QUITO - Ecuador's armed forces on Tuesday said they would not allow ongoing protests against President Guillermo Lasso's economic policies to damage the country's democracy, as road blockades continued ahead of more planned demonstrations.

Thousands of indigenous protesters marched through Quito on Monday to demand a list of concessions from Lasso, including a fuel price cut, preventing further expansion of Ecuador's oil and mining industry, more time for farms to pay debt and budget increases for health and education.

Lasso said on Monday he responded to the demands in a communication with indigenous leaders.

He also expanded a state of exception decree - used in times of public order disruption - to six provinces from the previous three.

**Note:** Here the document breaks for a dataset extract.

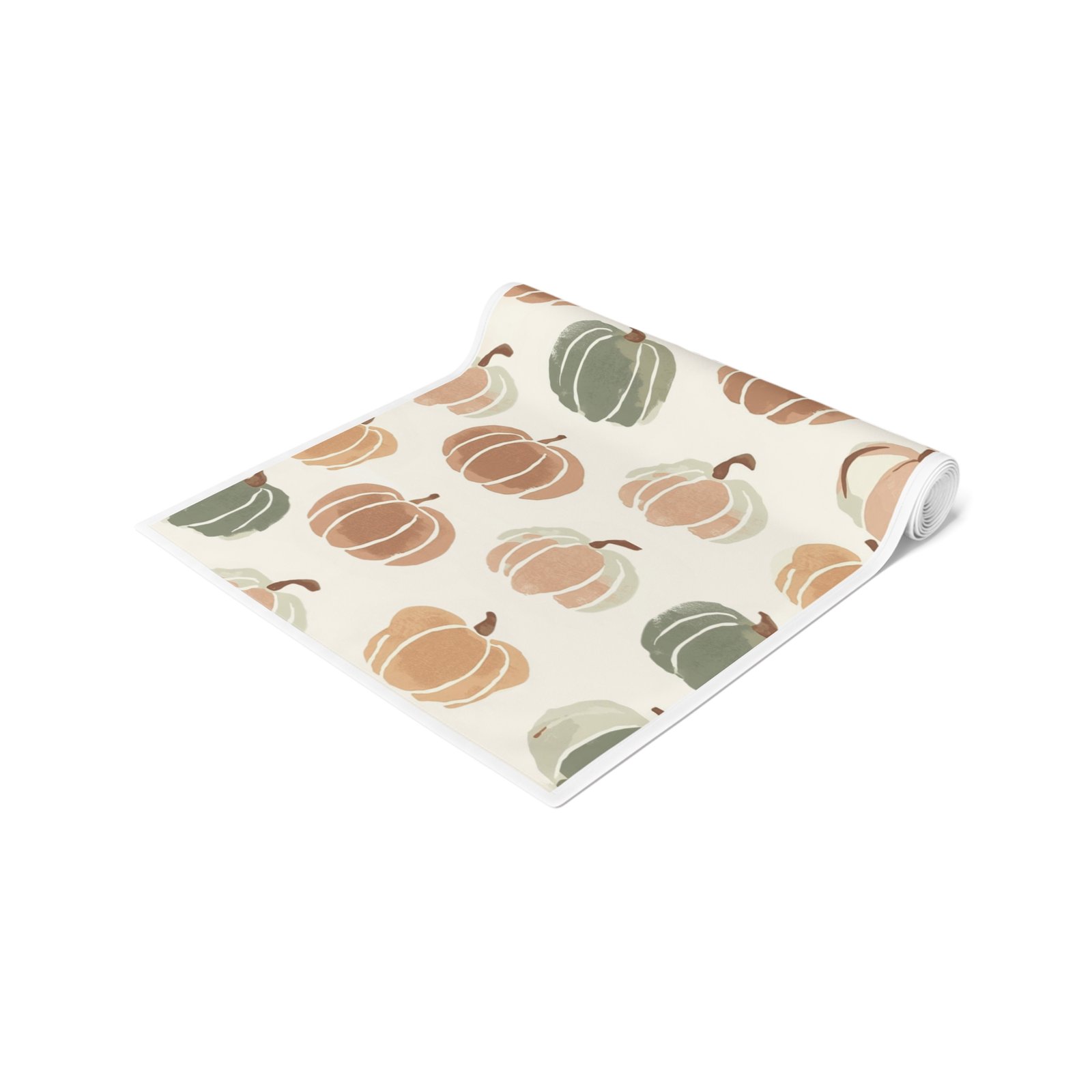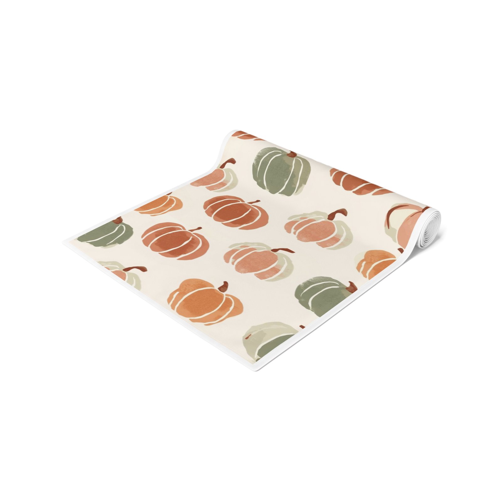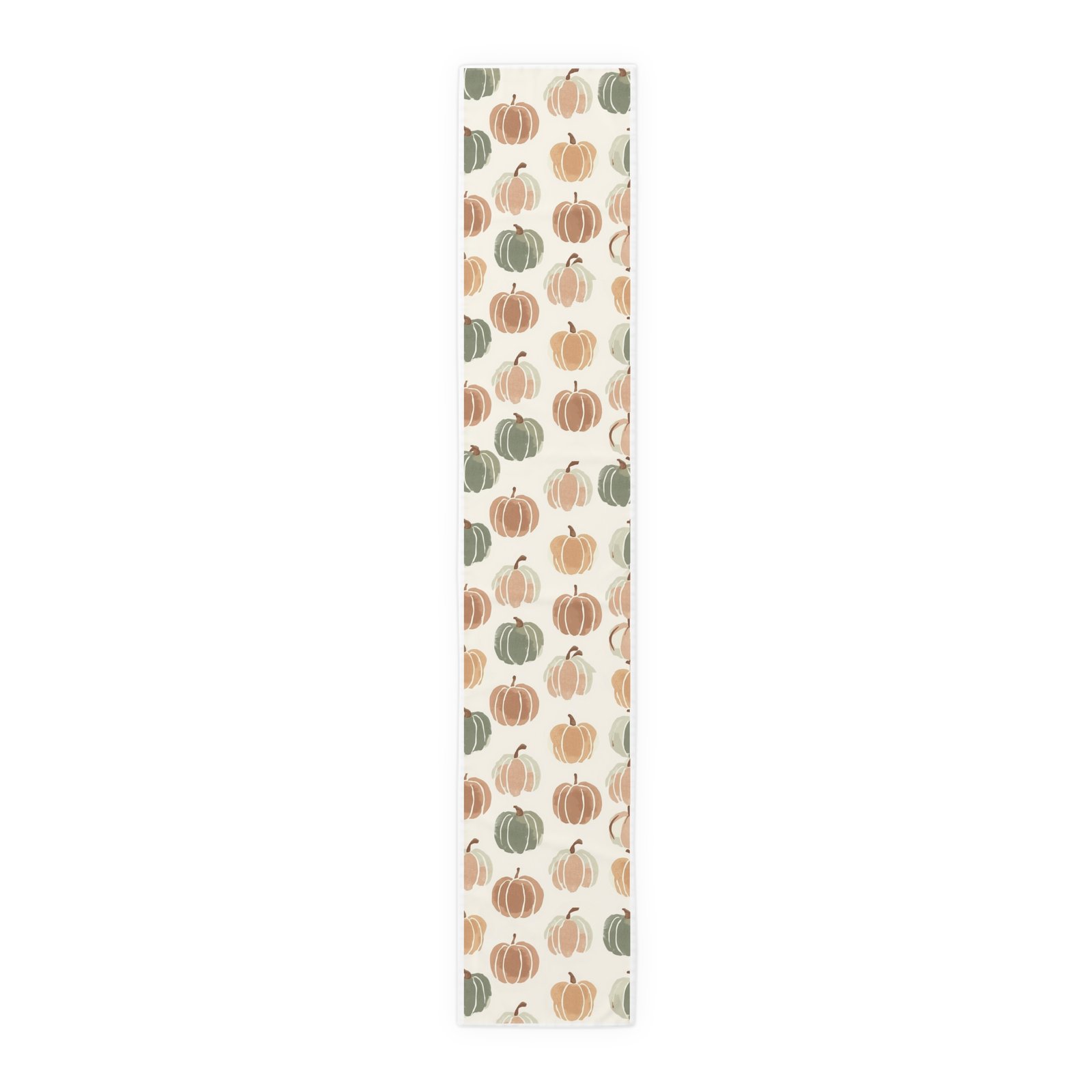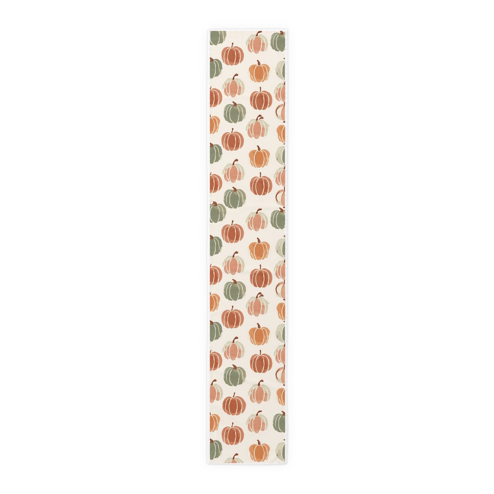 Soft, autumnal charm in a long, elegant runner — this table runner brings hand-painted pumpkin motifs and warm neutral tones to your seasonal table. Lightweight and drapey, it layers easily over wood, linen, or a neutral tablecloth to add texture and gentle color without shouting. Choose durable polyester with vivid sublimation printing for bright, long-lasting color and quick-dry performance, or opt for cotton twill with a slightly muted, classic finish and visible hem stitching for a homespun look. Available in two lengths to suit a cozy breakfast table or a longer dining setup. One-sided print and neatly hemmed edges ensure a tidy, finished appearance every time.

Residents of the capital awoke to find some roads closed and parts of the public transport system shuttered. Several major stores were not open. Major highways into Quito have been blocked since protests began a week ago.

The city's airport said some national and international flights were being affected.

Indigenous demonstrators attempted early on Tuesday to gather at a university for fresh protests, but were dispersed by security forces.

"The armed forces will not allow constitutional order to be broken or any action against democracy and the laws of the republic," Defense Minister Luis Lara, accompanied by military commanders, told journalists.

"We urge Ecuadoreans toward national unity," he said, adding that drug traffickers and organized crime were behind the violence that had broken out at the protests. At least 55 protesters and 61 members of the security forces have been injured in the violence.

Lasso, who took office 13 months ago, has repeatedly blamed drug gangs for rising violence, including prison riots which have killed hundreds.

"This uprising is because of poverty and inequality," said Leonidas Iza, leader of CONAIE, an indigenous group. "No one is against anyone. We are against corruption, the injustice which has caused a deterioration in the majority of Ecuadorean society."

Fuel subsidies cost the government some $2.8 billion a year.

The protests have prevented some 102,000 barrels of crude from being produced, the energy ministry said in a statement. State-run oil company Petroecuador declared force majeure on Saturday.